#### MATERIAL FOR THIS TASK:
>>>>
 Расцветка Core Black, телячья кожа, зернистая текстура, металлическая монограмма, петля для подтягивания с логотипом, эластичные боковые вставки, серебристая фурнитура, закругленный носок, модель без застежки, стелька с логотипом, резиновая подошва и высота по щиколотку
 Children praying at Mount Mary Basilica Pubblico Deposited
<<<<
>>>>
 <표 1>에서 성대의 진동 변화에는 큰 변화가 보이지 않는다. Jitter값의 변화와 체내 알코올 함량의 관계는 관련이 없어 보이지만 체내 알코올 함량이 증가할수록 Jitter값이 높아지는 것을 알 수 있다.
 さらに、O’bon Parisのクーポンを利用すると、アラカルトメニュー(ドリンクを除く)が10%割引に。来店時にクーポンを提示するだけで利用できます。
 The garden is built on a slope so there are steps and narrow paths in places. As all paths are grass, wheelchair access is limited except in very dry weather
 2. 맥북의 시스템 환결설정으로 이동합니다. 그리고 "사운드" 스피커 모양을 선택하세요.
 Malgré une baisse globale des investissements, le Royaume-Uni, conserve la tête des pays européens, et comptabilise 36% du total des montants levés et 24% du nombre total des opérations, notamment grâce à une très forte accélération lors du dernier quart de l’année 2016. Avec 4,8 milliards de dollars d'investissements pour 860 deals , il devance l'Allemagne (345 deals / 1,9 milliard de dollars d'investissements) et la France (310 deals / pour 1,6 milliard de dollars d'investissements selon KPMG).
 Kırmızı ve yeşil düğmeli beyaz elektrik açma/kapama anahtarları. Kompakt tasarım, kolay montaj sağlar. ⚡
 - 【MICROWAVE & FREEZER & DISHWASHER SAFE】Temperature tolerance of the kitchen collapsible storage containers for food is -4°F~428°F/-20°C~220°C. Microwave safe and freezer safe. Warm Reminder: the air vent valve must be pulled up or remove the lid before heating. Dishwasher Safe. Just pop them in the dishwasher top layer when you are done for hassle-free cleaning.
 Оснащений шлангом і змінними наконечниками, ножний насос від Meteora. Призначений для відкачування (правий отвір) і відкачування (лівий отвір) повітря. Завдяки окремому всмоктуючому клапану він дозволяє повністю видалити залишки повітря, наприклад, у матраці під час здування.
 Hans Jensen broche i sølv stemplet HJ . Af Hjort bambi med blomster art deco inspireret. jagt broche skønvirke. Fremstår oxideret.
<<<<
>>>>
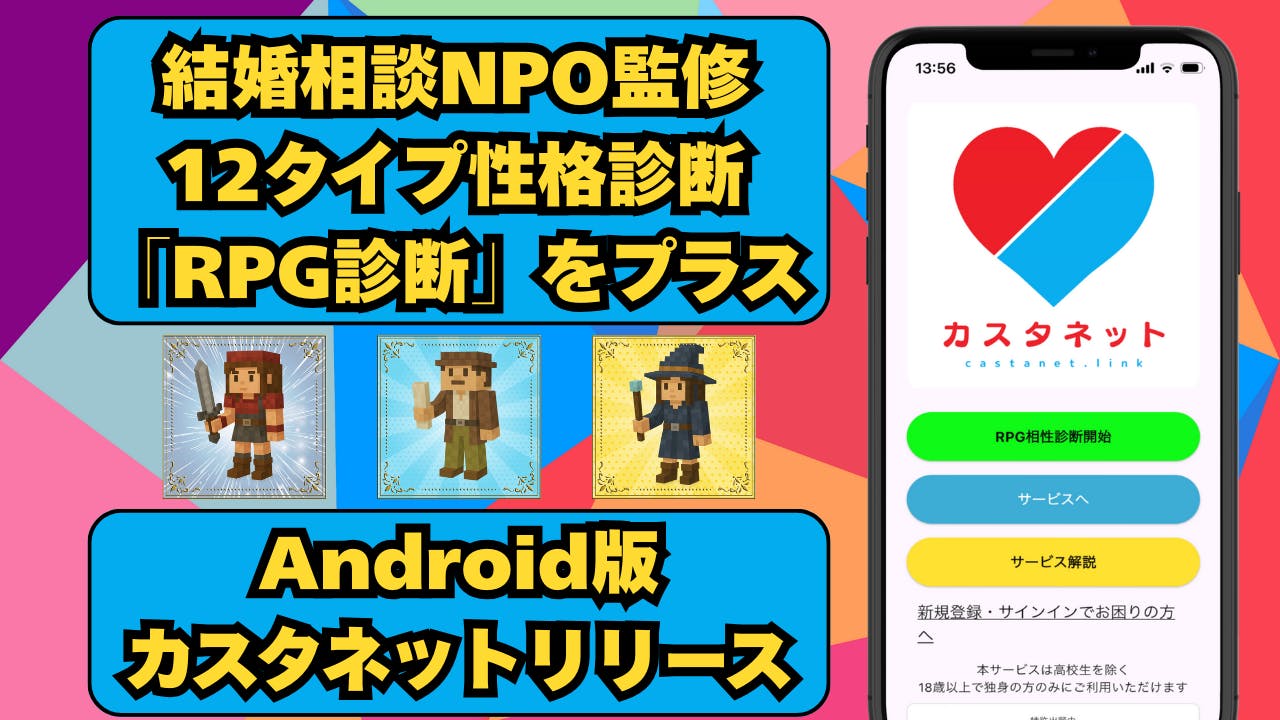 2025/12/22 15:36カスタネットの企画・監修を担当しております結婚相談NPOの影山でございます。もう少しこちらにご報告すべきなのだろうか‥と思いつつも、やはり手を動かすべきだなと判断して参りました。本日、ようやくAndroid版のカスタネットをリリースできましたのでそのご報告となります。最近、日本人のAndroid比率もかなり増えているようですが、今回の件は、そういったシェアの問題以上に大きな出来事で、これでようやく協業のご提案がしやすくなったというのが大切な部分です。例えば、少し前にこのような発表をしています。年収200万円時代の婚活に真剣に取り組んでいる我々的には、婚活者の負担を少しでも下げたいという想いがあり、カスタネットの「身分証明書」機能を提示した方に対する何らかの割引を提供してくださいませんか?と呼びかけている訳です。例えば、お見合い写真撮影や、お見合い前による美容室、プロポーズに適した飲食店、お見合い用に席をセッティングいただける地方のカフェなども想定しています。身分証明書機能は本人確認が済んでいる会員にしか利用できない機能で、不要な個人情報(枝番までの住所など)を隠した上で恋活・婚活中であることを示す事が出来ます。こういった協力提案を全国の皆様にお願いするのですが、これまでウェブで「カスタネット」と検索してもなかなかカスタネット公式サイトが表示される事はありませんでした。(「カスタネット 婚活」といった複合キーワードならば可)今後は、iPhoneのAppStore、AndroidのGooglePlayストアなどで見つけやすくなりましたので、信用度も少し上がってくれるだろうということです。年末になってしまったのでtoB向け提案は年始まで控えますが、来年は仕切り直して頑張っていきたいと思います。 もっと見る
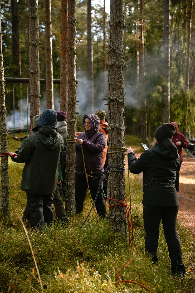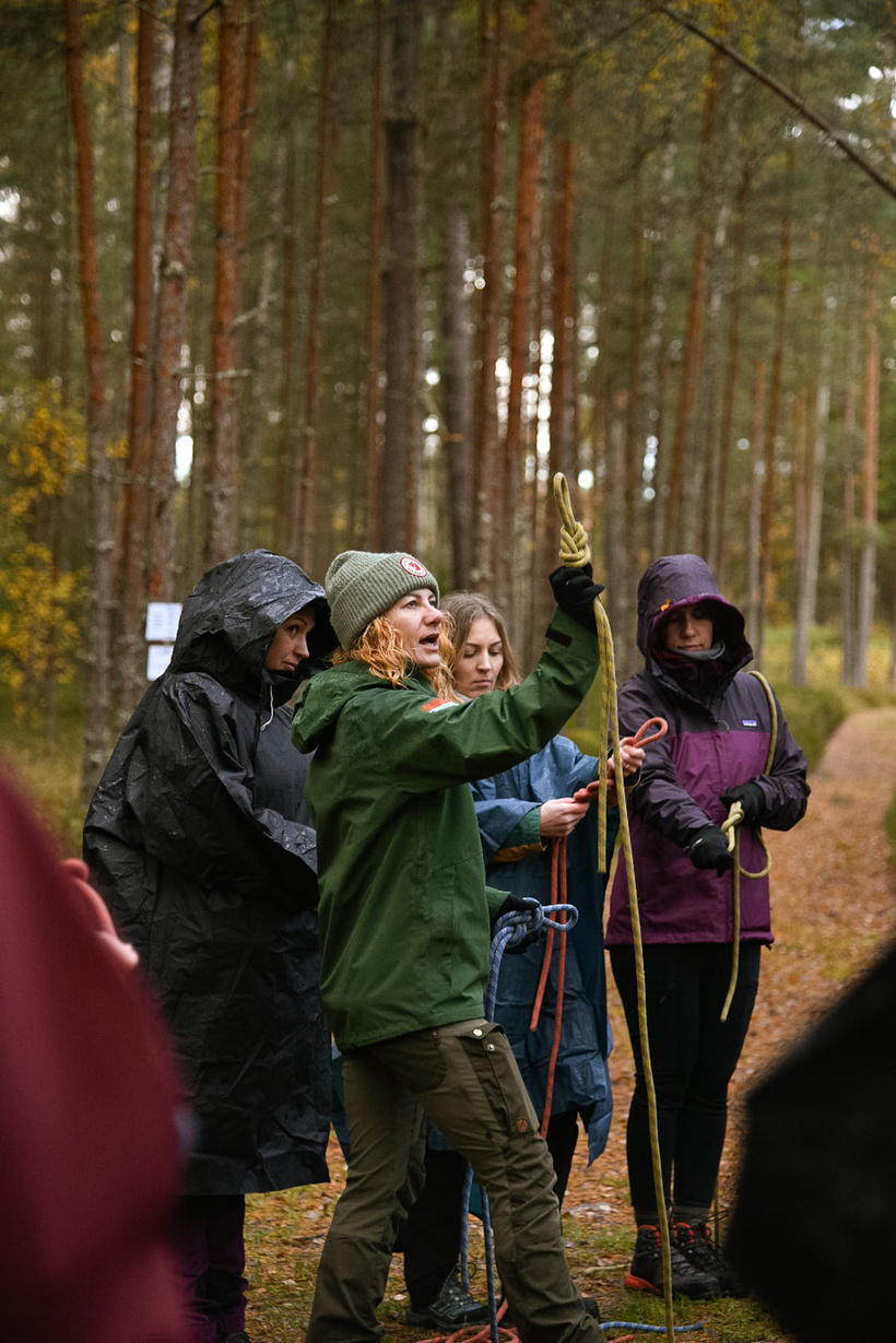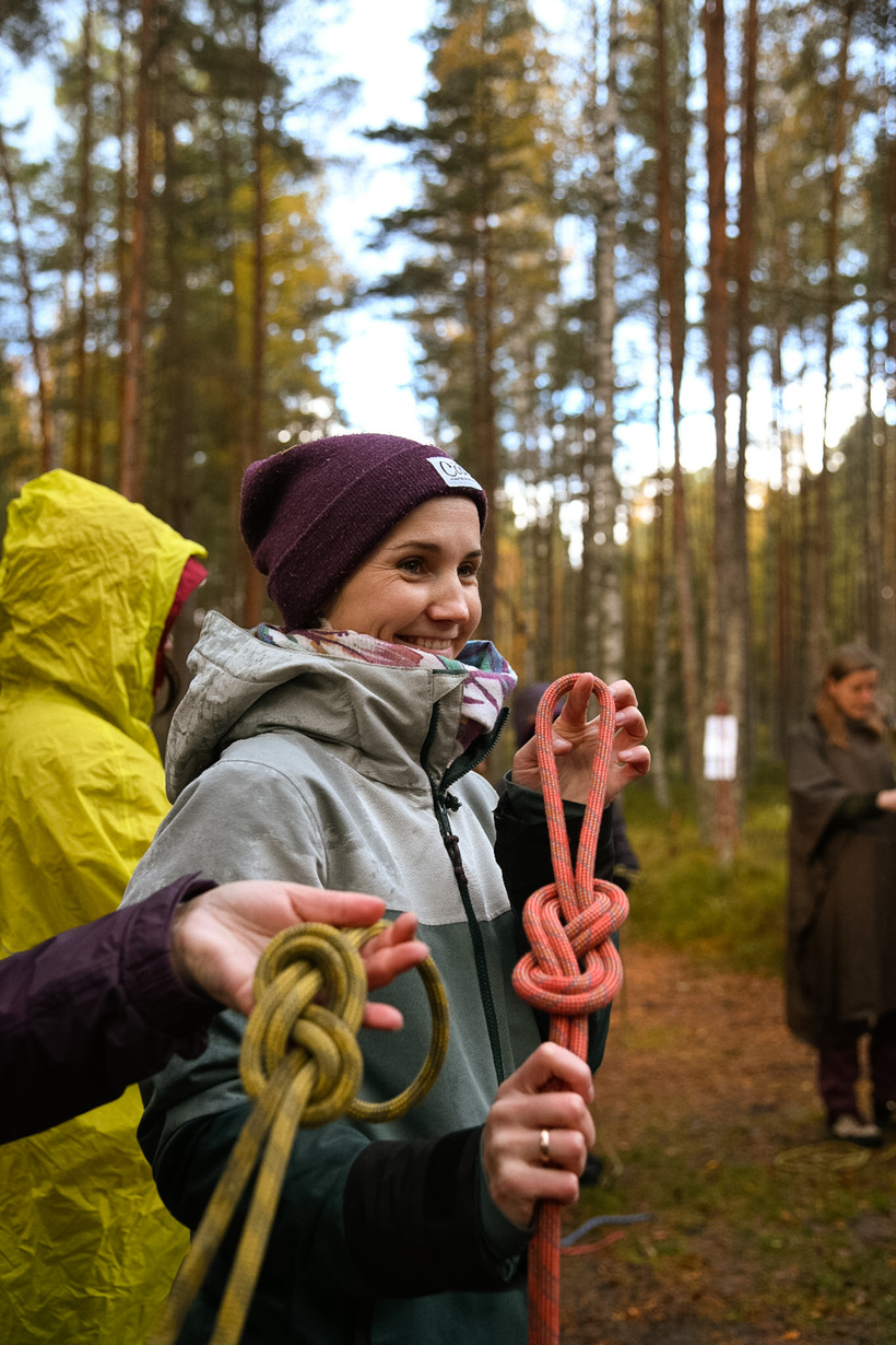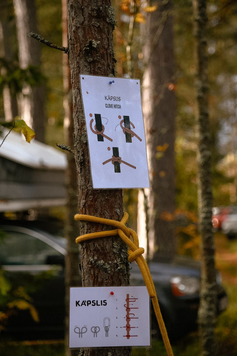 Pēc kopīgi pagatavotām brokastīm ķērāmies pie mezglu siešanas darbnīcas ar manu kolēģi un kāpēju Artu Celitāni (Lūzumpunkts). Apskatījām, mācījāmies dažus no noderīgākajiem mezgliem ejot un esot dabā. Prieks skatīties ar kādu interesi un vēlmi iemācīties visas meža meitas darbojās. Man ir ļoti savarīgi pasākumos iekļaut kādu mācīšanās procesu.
<<<<
#### WHAT THE EXERCISE ASKS:
Using the data above, reproduce exactly the lines between those holding "Kırmızı ve yeşil" and "- 【MICROWAVE &", inclusive, and no others.

#### RESPONSE BOX:
 Kırmızı ve yeşil düğmeli beyaz elektrik açma/kapama anahtarları. Kompakt tasarım, kolay montaj sağlar. ⚡
 - 【MICROWAVE & FREEZER & DISHWASHER SAFE】Temperature tolerance of the kitchen collapsible storage containers for food is -4°F~428°F/-20°C~220°C. Microwave safe and freezer safe. Warm Reminder: the air vent valve must be pulled up or remove the lid before heating. Dishwasher Safe. Just pop them in the dishwasher top layer when you are done for hassle-free cleaning.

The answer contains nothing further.